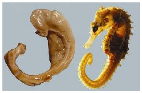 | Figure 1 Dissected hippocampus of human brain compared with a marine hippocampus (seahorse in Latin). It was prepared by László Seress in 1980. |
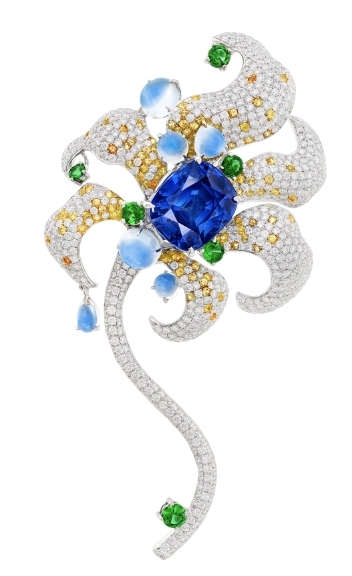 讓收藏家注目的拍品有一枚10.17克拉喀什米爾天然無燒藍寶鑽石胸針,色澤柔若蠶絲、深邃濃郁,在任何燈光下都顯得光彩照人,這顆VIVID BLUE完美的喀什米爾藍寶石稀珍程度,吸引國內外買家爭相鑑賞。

...

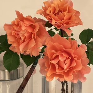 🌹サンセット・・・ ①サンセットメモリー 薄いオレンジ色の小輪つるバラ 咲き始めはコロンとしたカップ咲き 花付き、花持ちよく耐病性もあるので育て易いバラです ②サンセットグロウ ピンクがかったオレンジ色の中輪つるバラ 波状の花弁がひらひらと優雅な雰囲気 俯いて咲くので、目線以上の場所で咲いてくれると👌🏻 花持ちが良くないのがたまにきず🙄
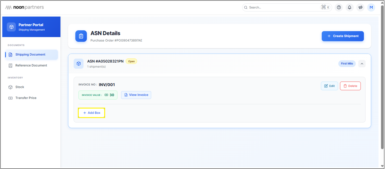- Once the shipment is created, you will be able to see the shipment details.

**WHAT IS EXPECTED:** The answer is the lines above from the one with "Seress in 1980. |" to the one with "讓收藏家注目的拍品有一枚10", set down exactly, with no pictures.

**RESPONSE AREA:**
 | Figure 1 Dissected hippocampus of human brain compared with a marine hippocampus (seahorse in Latin). It was prepared by László Seress in 1980. |
 讓收藏家注目的拍品有一枚10.17克拉喀什米爾天然無燒藍寶鑽石胸針,色澤柔若蠶絲、深邃濃郁,在任何燈光下都顯得光彩照人,這顆VIVID BLUE完美的喀什米爾藍寶石稀珍程度,吸引國內外買家爭相鑑賞。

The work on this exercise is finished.